### SUPPLIED RECORDS
____
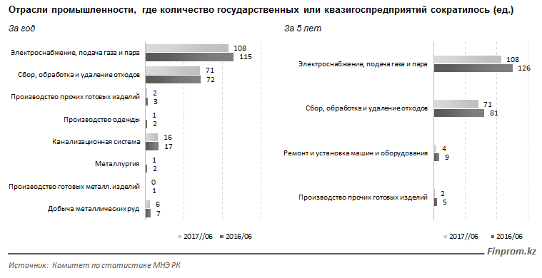За последние 5 лет количество госпредприятий сократилось на 16,8%, или на 61 организацию. За этот же период количество предприятий с государственным участием выросло сразу на 45,7%, или на 42 компании.
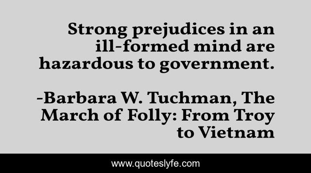 "Barbara W. Tuchman, The March of Folly: From Troy to Vietnam Quotes." Quoteslyfe.com, 2025. Mon. 08 Dec. 2025. <https://www.quoteslyfe.com/quote/Strong-prejudices-in-an-ill-formed-mind-160960>.
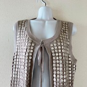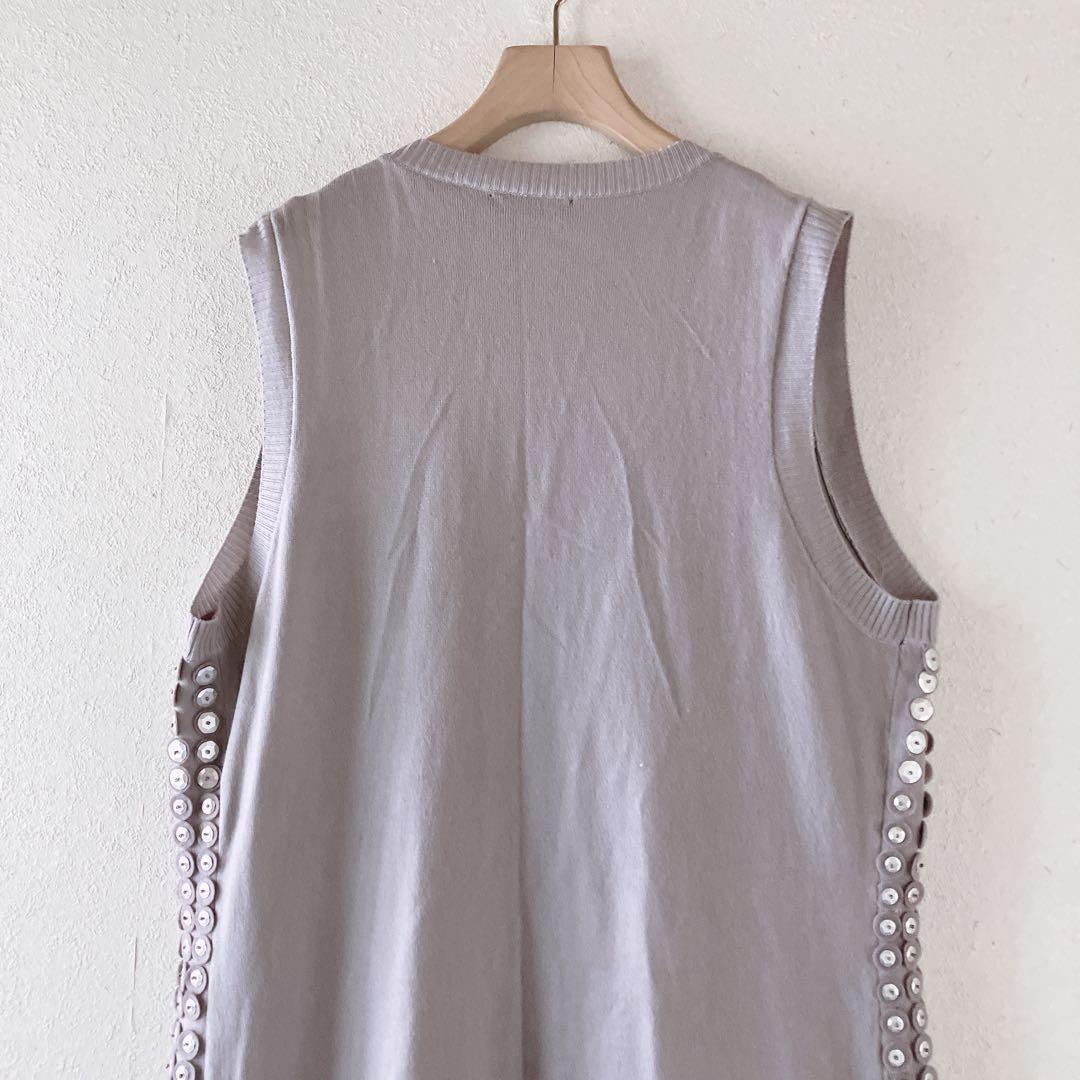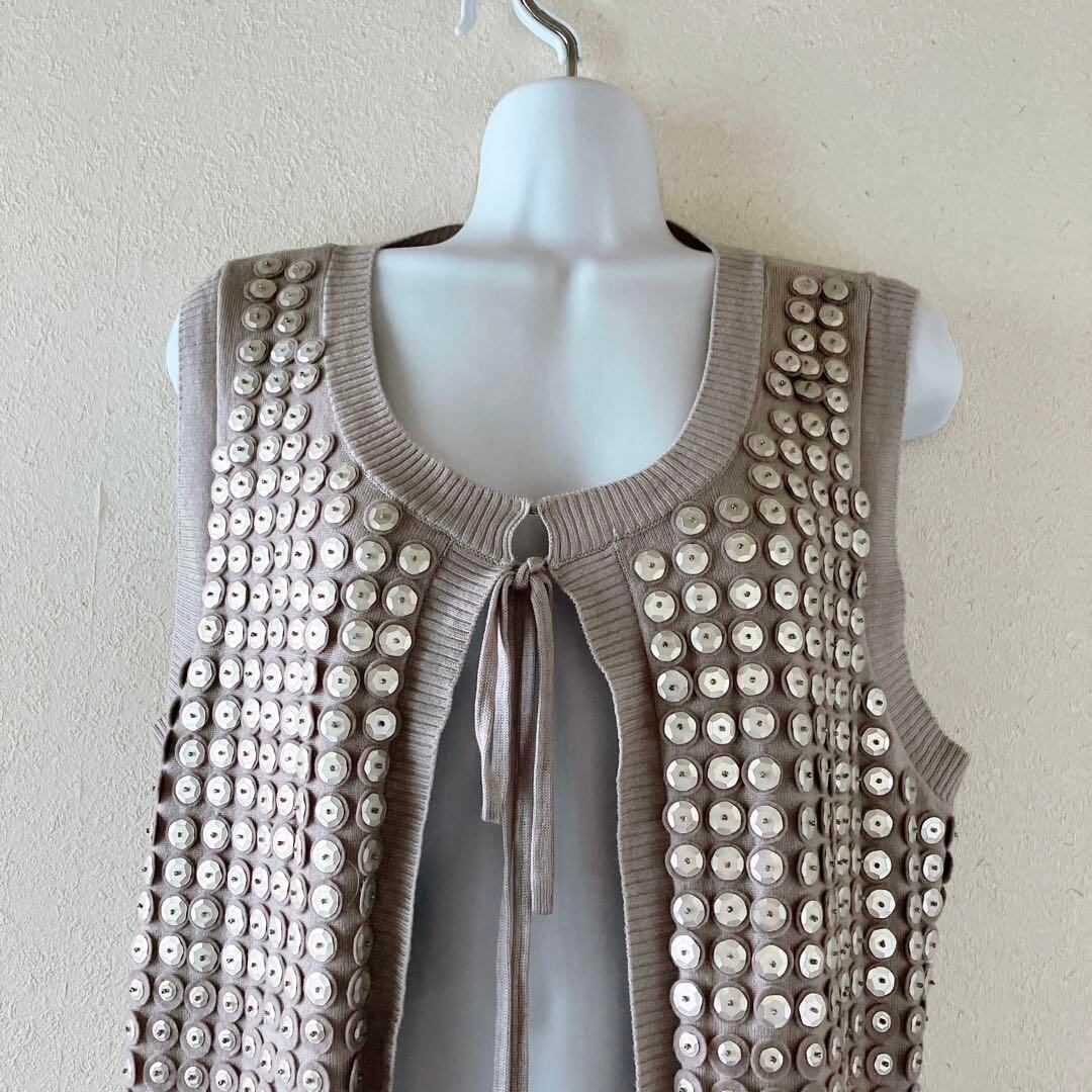 Dolce Cabo ドルチェカボー スパンコール×ニット ロングジレ リヨセル グレージュ 上品シルエット ノースリーブ 薄手 個性派 大人コーデ きれいめカジュアル 羽織りコーデ | nijiきれいな古着屋さん
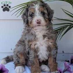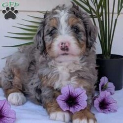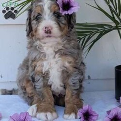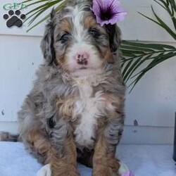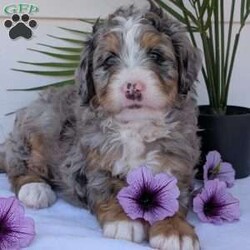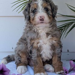 Hey everyone! Meet our precious little guy, Mini Bluey. he is a beautiful F1 blue-merle mini Bernedoodle with a beautiful coat of soft wavy hair. His mom is a beautiful Bernese mountain dog and dad is a handsome blue-merle tri-colored mini poodle. Bluey will be between 25 and 35lbs fully grown. he has a super sweet temperament and loves giving kisses, he is sure to wag his way right into your heart! he is very well socialized and loves to run around and play! he would make the perfect companion to anyone giving him a loving home. he is a very happy and healthy little pup! he will be available to his new home on October 4th.
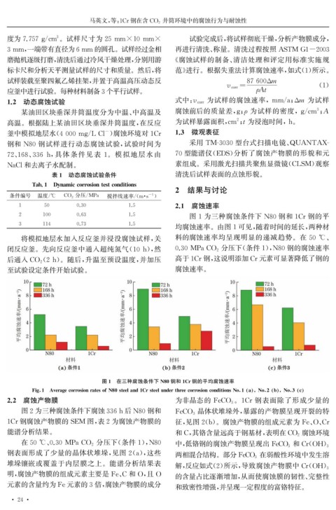 72 、 168 、 336h , 具体条件见表 1 。模拟地层水由 70型能谱仪( EDS ) 分析了腐蚀产物膜的形貌和元
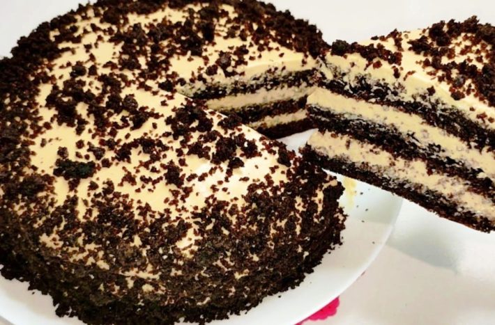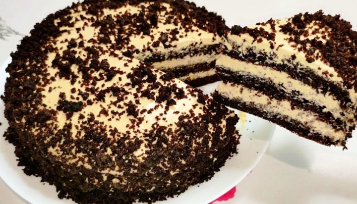 Poté formu vytáhněte a nechte korpus vychladnout. Následně jej podélně rozkrojte na tři pláty. Z vrchního odřežte zaoblenou část a rozmixujte ji nadrobno. Na krém dejte smetanu do mísy a postupně k ní zašlehávejte vařené kondenzované mléko. Směs vyšlehejte dohladka. Následně sestavte dort, krémem potřete i jeho vrch a boky a ozdobte ho rozdrobeným těstem. Poté jej dejte vychladit do lednice a můžete podávat, dobrou chuť!
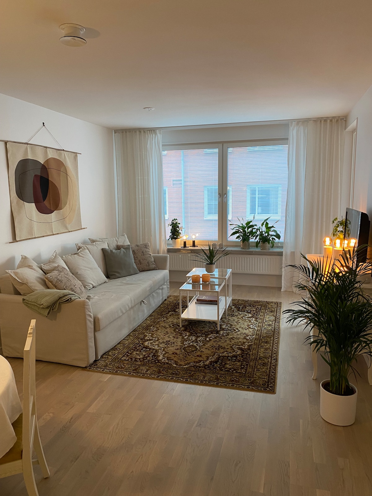 Nybyggd fin lägenhet på ca 40kvm. 140cm säng i sovalkov och en bäddsoffa på 200×140. Ca 8km utanför Örnsköldsvik. Busshållplats 20 meter från lägenheten med avgångar till centrum varje halvtimme. Det mesta som man behöver i bekvämligheter. Närhet till vatten och skog. Skidspår och motionsspår vid tomtgränsen Wifi ingår Frukost eller mat ingår ej
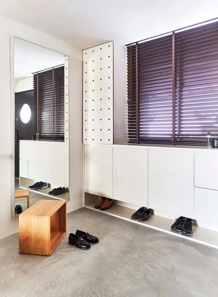 Even the front door is free of visual distractions, thanks to the lack of a gate, and a large fluted-glass porthole in place of the usual peephole and doorbell combination. According to Rei, the couple feels safe enough to do this as Jody knows the neighbourhood well.
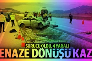 Burdur’da, cenazeden dönenlerin bulunduğu otomobilin kontrolden çıkıp, refüje takla atarak devrilmesi sonucu Ahmet Candan (70) yaşamını yitirdi. Kazada Candan’ın oğlu ve 3 kişi yaralandı. Kaza, saat 15.00 sıralarında, Burdur- Tefenni yolunun 38’inci kilometresinde meydana geldi. Antalya’nın Korkuteli ilçesinde bir yakınının cenazesinden dönen Resul Candan (40) yönetimindeki 15 SD 284 plakalı …
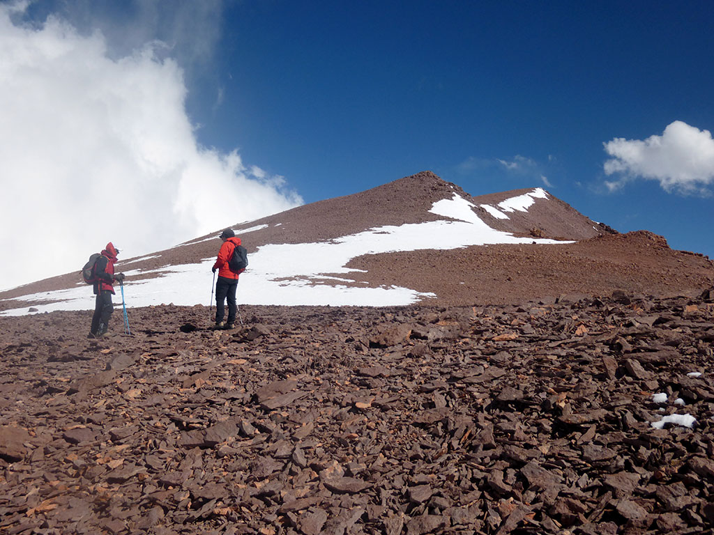 Una última parada nos dejó debajo de la pirámide cumbrera y salimos de los dominios glaciares. Por acarreo cubierto en parte con nieve nos montamos en un corto filo, pero de rocas grandes y con nieve fresca, lo cual hacía que en momentos nos hundiéramos hasta las rodillas. Superado este corto tramo, vimos franco los últimos metros a recorrer. Estábamos sobre los 6200 metros y el fin del trayecto era inminente.
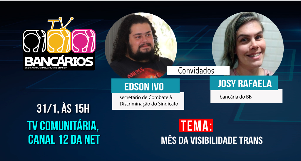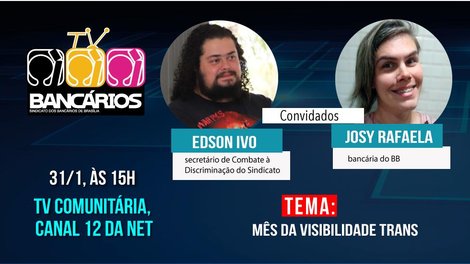 Marcado pelo dia 29 de janeiro, o Mês da Visibilidade Trans é pauta do TV Bancários desta sexta-feira (31). Nesta edição, o programa recebe o secretário de Combate à Discriminação do Sindicato Edson Ivo e a bancária do BB Josy Rafaela. O TV Bancários vai ao ar às 15h pela TV Comunitária (Canal 12 da Net) e pelas redes sociais do Sindicato.
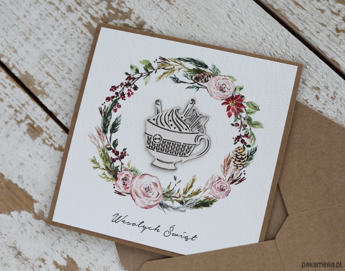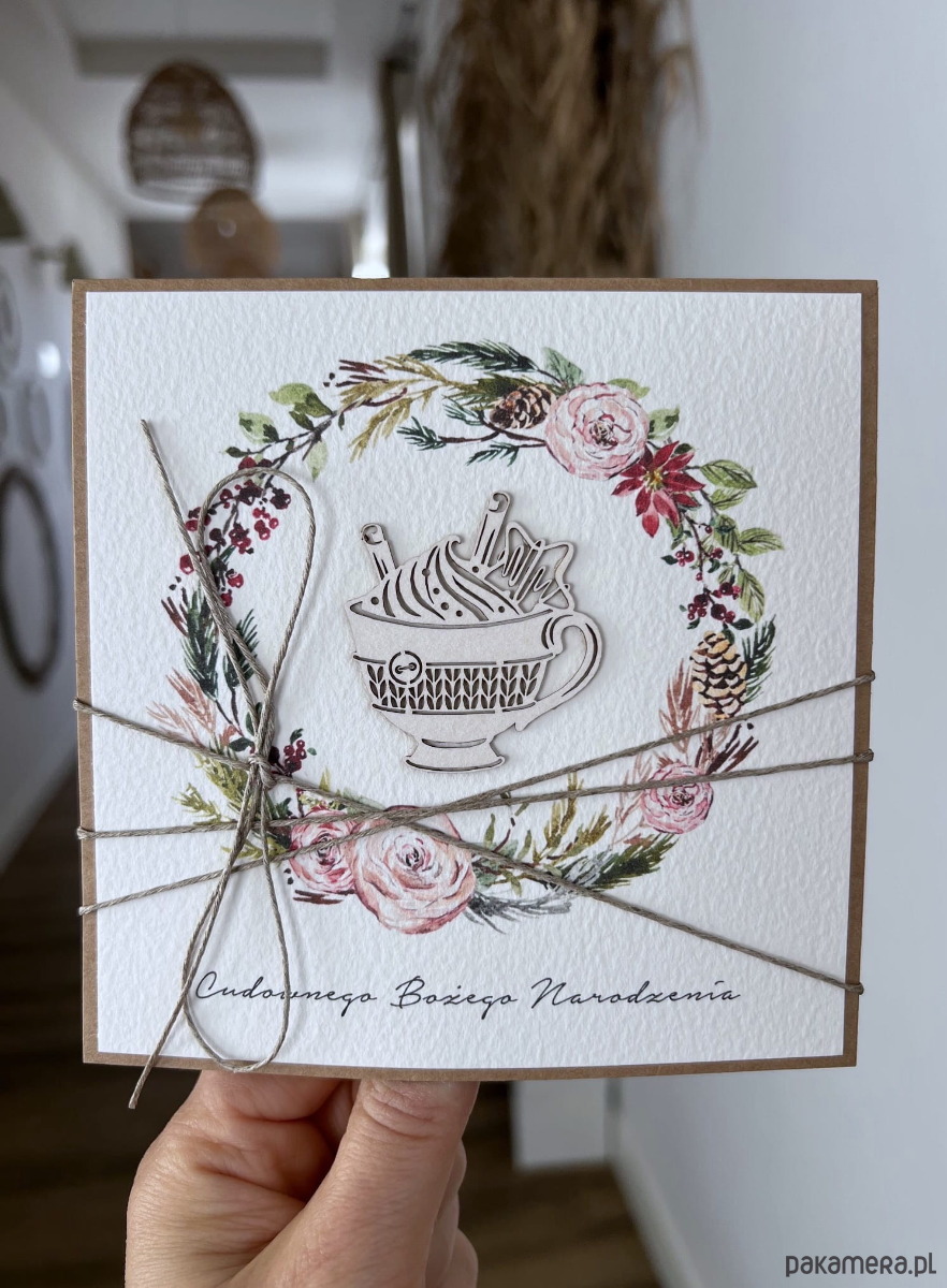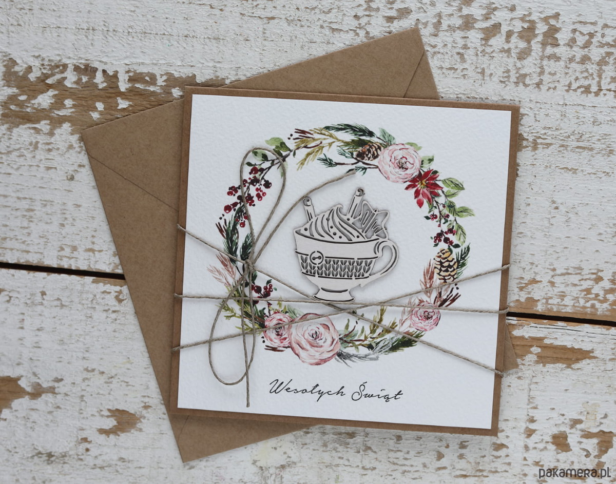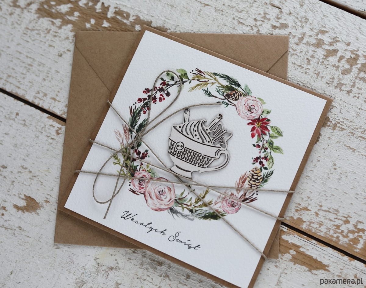 Wyjątkowa stylowa kartka ekologiczna świąteczna + najpiękniejsze życzenia na Boże Narodzenie świąteczny wianek + świąteczny deser - dekoracja
____
### WHAT IS EXPECTED
Exactly and only the lines from the one holding "Burdur’da, cenazeden dönenlerin" through the final line of the material must be returned, both ends included, without any pictures.

### RESPONSE TO THE EXERCISE
 Burdur’da, cenazeden dönenlerin bulunduğu otomobilin kontrolden çıkıp, refüje takla atarak devrilmesi sonucu Ahmet Candan (70) yaşamını yitirdi. Kazada Candan’ın oğlu ve 3 kişi yaralandı. Kaza, saat 15.00 sıralarında, Burdur- Tefenni yolunun 38’inci kilometresinde meydana geldi. Antalya’nın Korkuteli ilçesinde bir yakınının cenazesinden dönen Resul Candan (40) yönetimindeki 15 SD 284 plakalı …
 Una última parada nos dejó debajo de la pirámide cumbrera y salimos de los dominios glaciares. Por acarreo cubierto en parte con nieve nos montamos en un corto filo, pero de rocas grandes y con nieve fresca, lo cual hacía que en momentos nos hundiéramos hasta las rodillas. Superado este corto tramo, vimos franco los últimos metros a recorrer. Estábamos sobre los 6200 metros y el fin del trayecto era inminente.
 Marcado pelo dia 29 de janeiro, o Mês da Visibilidade Trans é pauta do TV Bancários desta sexta-feira (31). Nesta edição, o programa recebe o secretário de Combate à Discriminação do Sindicato Edson Ivo e a bancária do BB Josy Rafaela. O TV Bancários vai ao ar às 15h pela TV Comunitária (Canal 12 da Net) e pelas redes sociais do Sindicato.
 Wyjątkowa stylowa kartka ekologiczna świąteczna + najpiękniejsze życzenia na Boże Narodzenie świąteczny wianek + świąteczny deser - dekoracja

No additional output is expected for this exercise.